A small green shoot is growing on the moon after a cotton seed germinated onboard a Chinese lunar lander, scientists said.

The sprout has emerged from a lattice-like structure inside a canister after the Chang’e 4 lander touched down earlier this month, according to a series of photos released by the Advanced Technology Research Institute at Chongqing University.

“This is the first time humans have done biological growth experiments on the lunar surface,” said Xie Gengxin, who led the design of the experiment, on Tuesday.

Plants have been grown previously on the International Space Station, but this is the first time a seed has sprouted on the moon. The ability to grow plants in space is seen as crucial for long-term space missions and establishing human outposts elsewhere in the solar system, such as Mars.

Harvesting food in space, ideally using locally extracted water, would mean astronauts could survive for far longer without returned to Earth for supplies.

The Chang’e 4 probe – named after the Chinese moon goddess – made the world’s first soft landing on the far side of the moon on 3 January, a major step in China’s ambitions to become a space superpower.

Scientists from Chongqing University, who designed the “mini lunar biosphere” experiment, sent an 18cm bucket-like container holding air, water and soil.

Inside are cotton, arabidopsis – a small, flowering plant of the mustard family – and potato seeds, as well as fruit-fly eggs and yeast.
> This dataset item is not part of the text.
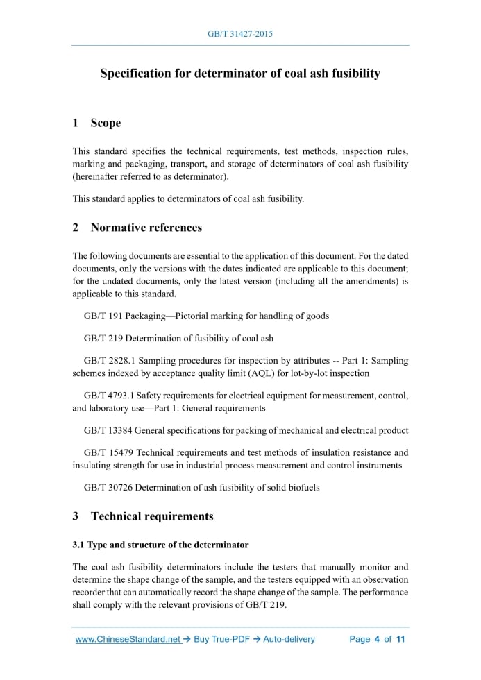 Similar standardsGB/T 31427-2015: Specification for determinator of coal ash fusibility---This is an excerpt. Full copy of true-PDF in English version (including equations, symbols, images, flow-chart, tables, and figures etc.), auto-downloaded/delivered in 9 seconds, can be purchased online: https://www.ChineseStandard.net/PDF.aspx/GBT31427-2015NATIONAL STANDARD OF THE PEOPLE’S REPUBLIC OF CHINA ICS 73.040 D 21 Specification for determinator of coal ash fusibility ISSUED ON: MAY 15, 2015 IMPLEMENTED ON: JULY 1, 2015 Issued by: General Administration of Quality Supervision, Inspection and Quarantine of the PRC; Standardization Administration of the PRC. Table of ContentsForeword ... 3 1 Scope ... 4 2 Normative references ... 4 3 Technical requirements ... 4 4 Inspection methods ... 7 5 Inspection rules ... 8 6 Identification and packaging ... 10 7 Transport and storage ... 11 Specification for determinator of coal ash fusibility1 ScopeThis standard specifies the technical requirements, test methods, inspection rules, marking and packaging, transport, and storage of determinators of coal ash fusibility (hereinafter referred to as determinator). This standard applies to determinators of coal ash fusibility.2 Normative referencesThe following documents are essential to the application of this document. For the dated documents, only the versions with the dates indicated are applicable to this document; for the undated documents, only the latest version (including all the amendments) is applicable to this standard. GB/T 191 Packaging—Pictorial marking for handling of goods GB/T 219 Determination of fusibility of coal ash GB/T 2828.1 Sampling procedures for inspection by attributes -- Part 1: Sampling schemes indexed by acceptance quality limit (AQL) for lot-by-lot inspection GB/T 4793.1 Safety requirements for electrical equipment for measurement, control, and laboratory use—Part 1: General requirements GB/T 13384 General specifications for packing of mechanical and electrical product GB/T 15479 Technical requirements and test methods of insulation resistance and insulating strength for use in industrial process measurement and control instruments GB/T 30726 Determination of ash fusibility of solid biofuels3 Technical requirements3.1 Type and structure of the determinator The coal ash fusibility determinators include the testers that manually monitor and determine the shape change of the sample, and the testers equipped with an observation recorder that can automatically record the shape change of the sample. The performance shall comply with the relevant provisions of GB/T 219. heated according to the procedures specified in GB/T 30726: when the temperature is below 700 °C, the heating rate is 15 °C/min~20 °C/min; when the temperature is above 700 °C, the heating rate is 4 °C/min~6 °C/min. 3.4.4 The atmosphere in the furnace can be controlled as a weak reducing atmosphere or an oxidizing atmosphere. 3.4.5 If adopting the carbon sealing method, the manufacturer should use the furnace tube of the same variety and specification, and provide a reference method for carbon sealing to control the weak reducing atmosphere in the furnace. 3.4.6 There shall be an observation port, through which the shape changes of the sample during the test can be clearly observed. 3.4.7 Temperature of the shell: when the high-temperature furnace works, the shell’s temperature shall be not more than 70 °C; there shall be a high-temperature warning sign. 3.5 Temperature controller 3.5.1 The temperature measurement range shall be 0 °C~1500 °C, and the resolution shall be 1 °C. 3.5.2 The temperature measurement error shall be not more than 5 °C. 3.5.3 The heating rate can be controlled according to 3.4.3. 3.6 Observation recorder 3.6.1 The temperature change during the test and the shape change of the sample at the corresponding temperature can be recorded truthfully. 3.6.2 The test process with a real-time temperature display can be played back. 3.6.3 The test process can be monitored manually. 3.7 Appearance requirements The metal coating and chemically treated surface shall be uniform in color; there shall be no exposed bottom, peeling, blistering, spots, scratches, or scuffing; it shall have good anticorrosion and anti-rust performance. 3.8 Insulation resistance and dielectric strength The insulation resistance between the power terminal of the independent power supply part and the casing of the determinator shall not be less than 20 MΩ. It shall be able to withstand 1500 V, 50 Hz AC for 1 min, without arcing and breakdown.4 Inspection methods4.1 High-temperature furnace 4.1.1 Determination of the maximum heating temperature: the high-temperature furnace shall be heated to the maximum temperature according to the heating program, which shall meet the requirements of 3.4.1. 4.1.2 Determination of the constant temperature zone: control the furnace temperature at 1000 °C, keep the temperature constant for 10 min, and use another set of standard platinum-rhodium platinum thermocouple pyrometers to determine the location and area of the constant temperature zone in the high-temperature furnace; the constant temperature zone shall meet the requirements of 3.4.2. 4.1.3 Determination of the heating rate: turn on the power of the high-temperature furnace, heat up to the maximum temperature according to the heating program, and record the temperature every 5 minutes through the temperature indicating instrument. Calculate the heating rate before and after 900 °C or 700 °C, and the average heating rate within each 10 min shall meet the requirements of 3.4.3. 4.1.4 Inspection of the atmosphere: The atmosphere in the furnace shall be inspected according to the provisions of GB/T 219, which shall meet the requirements of 3.4.4. 4.1.5 Inspection of the observation port: Observe the shape change of the sample from the observation port by visual inspection, which shall meet the requirements of 3.4.6. 4.1.6 Det

Images sent back by the probe show a cotton plant has grown well, but so far none of the other plants had sprouted, the university said.

Chang’e 4 is also equipped with instruments developed by scientists from Sweden, Germany and China to study the lunar environment, cosmic radiation and the interaction between solar wind and the moon’s surface.

The lander released a rover, nicknamed Yutu 2 (Jade Rabbit), that will perform experiments in the Von Kármán crater.

The agency said four more lunar missions are planned, confirming the launch of Chang’e 5 by the end of the year, which will be the first probe to return samples of the moon to Earth since the 1970s.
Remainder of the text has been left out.